In Karakulina, which was a large village, though not according to our concept of dimensions, they put us in a structure at an abandoned school, and there we stayed for five years. Actually, it was almost solely Jewish children who stayed. Most of the Poles left the institution before we left for Russia, and the Russian children were slowly spread out here in Russia with each going to his home or over time finding a relative or redeemer to take him in. The Russians cared for us well. We had good food and were well clothed, even while around us there was hunger and distress. I remember this well. We continued to study at a school with the customary ten grades in Russia, and those who graduated were even sent to study at a university or a technical school or in an upper-level trade school.
At the end of the War in the year 1945, the few Polish children returned to their land and only the Jews who had nowhere to go remained. David Tobias stayed with them as the only one who cared and was faithful.
In 1946, Yakov decided to have us make aliyah [emigrate to The Land of Israel] and worried about every detail in the process of aliyah. But out of caution, he arranged things officially as if the intention was to repatriate to Polin, to parents. Only in that way was Tobias able to overcome the Jewish manager who wanted to keep us as proof of his rights in the party like a crop from his Russian upbringing in the Komsomol and Russian culture.

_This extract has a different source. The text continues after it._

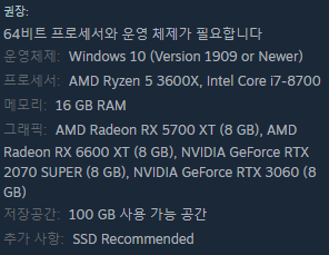 상점 페이지상 권장사양은 3060이긴한데, 말 나오는걸로 봐서 3070으로도 감당이 안되는 차세대 게임이 나온 것 같네요. ...어쩌면 4090으로도 감당을 못한다거나(?)

The struggle between the two ended with Tobias winning out. The Polish Embassy passed us on to Lodz and from there to Wrocław and Kudowa-Zdroj. The last place was on the Czech border and Tobias was able to smuggle us from there to France, to a place next to Paris called Ch âteau de la Gite. From there the route to Israel was open. Nevertheless, we boarded the Theodore Herzl for the migration and after three days of waiting in Haifa, as captives were transported by the British to Cyprus.
Here we had another new chapter of suffering and torment without water and food with dreadful living conditions in shabby tents and waiting in line for water that was in a measured cup. The Shlichim [emissaries of the Jewish Agency] Zeev Boxter, from Gesher, Yitzchak Zickerman from Kinneret, and Mindel from Alonim eased our suffering by making efforts to shorten the route for a return to Israel.

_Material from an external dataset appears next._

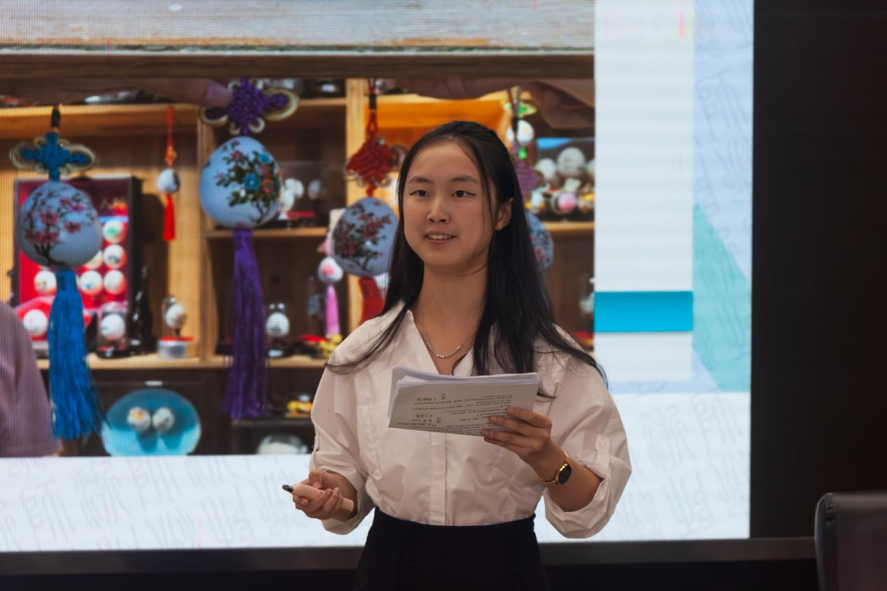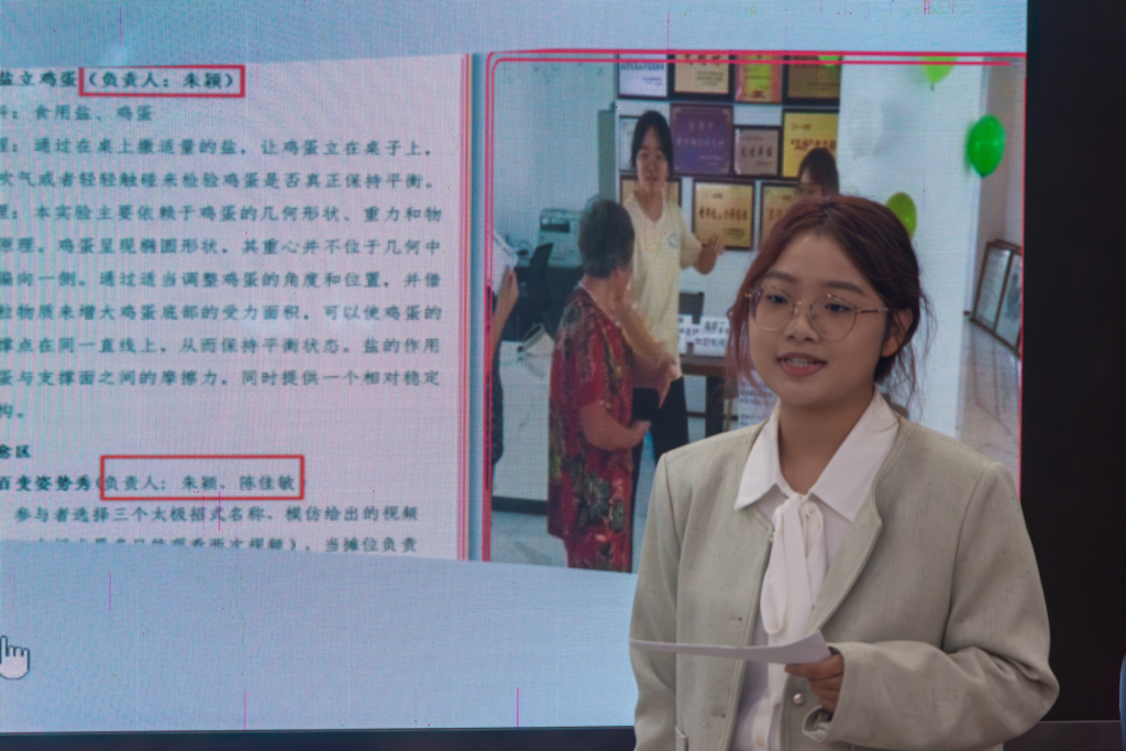 在团队实践成果展示环节,“教育星空”暑期社会实践队围绕“两山理论”、“康养文化”和“科普教育”三条主线,探索白沙溪幸福乡村建设。通过举办科普游园会、宣传“酸茶文化”、拍摄“最美笑容”、与村民共包爱心饺等活动,以实际行动为村民营造起温馨、活力、充满文化气息的幸福氛围;“瓯艺童心”手工非遗实践队“心怀乡土恩情,滋养美育劳育”,围绕“走出去”“担上肩”“动起来”,实践小队寻访博物馆文化馆、体验苍南文化馆讲解工作……将对瓯越非遗文化的热爱融入小学美育劳动教育体系,让瓯越非遗在稚嫩巧手中熠熠生辉!

Thus ended the path of affliction for an orphan wandering about from Bielsk to Israel. These are also among the glorious chapters of Bielsk and the stories of suffering of a girl from Bielsk.
Translator's and Editor's Notes
by Malka Goldvitz
Translated by Sara Mages
The orphanage was initially on Josephs Street in a two-story building, and as my mother told me there was a separate room for two children with tuberculosis, because there was no small hospital for them elsewhere. The institution had 120-140 children, and almost one hundred percent of them were from outside Bielsk, there were no children from Bielsk. These were children from nearby towns and even from Bialystok, even though there was a large orphanage there. Later, a girl from Bielsk was admitted, but this was an exceptional case - she had a father and a stepmother who neglected her and did not take care of her cleanliness and health. The girl was afflicted with wounds that spread on most of her body and there was no way out except in the orphanage.

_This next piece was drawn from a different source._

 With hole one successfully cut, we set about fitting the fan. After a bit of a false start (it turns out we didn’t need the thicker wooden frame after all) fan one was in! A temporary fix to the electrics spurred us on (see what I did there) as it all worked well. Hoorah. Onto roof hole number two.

Later, the financial situation of the institution worsened and it was moved to a smaller apartment. In the meantime the children grew up and did not fit the institution's terms. The only way out was to move them to nearby towns, to families who adopted them and the orphanage was closed. It was in renewed and destroyed Poland after the war. It was in the 1920s. My mother worked from1922 to1924. It also had school-aged orphans. The orphanage did not employ paid workers. Two received payment, Bar Levin who was a bookkeeper and another one. The treasurer was Michel Weinstein. My mother worked after the number of children was reduced, and then they also took a caregiver named Pribalistin. My mother was the house mother and responsible for everything.
It is worth mentioning Miss Fraulein Sarashnovsky, who was literally a mother to all the orphans in the city and the surrounding area. She came from a very intelligent family. This was her emotional satisfaction. She was already sixty years old then, and maybe older than that. When I was a little girl she looked awfully old to me, but her kindness and her dedication to the children endeared her to all of us, and her old age seemed to have disappeared. Among the activists who supported the orphanage were: Chone Tykocki who was very active, Alexander Weinstein a lawyer who was a native of a town near Bielsk, and Moshka Rosenberg brother of Leah Rosenberg.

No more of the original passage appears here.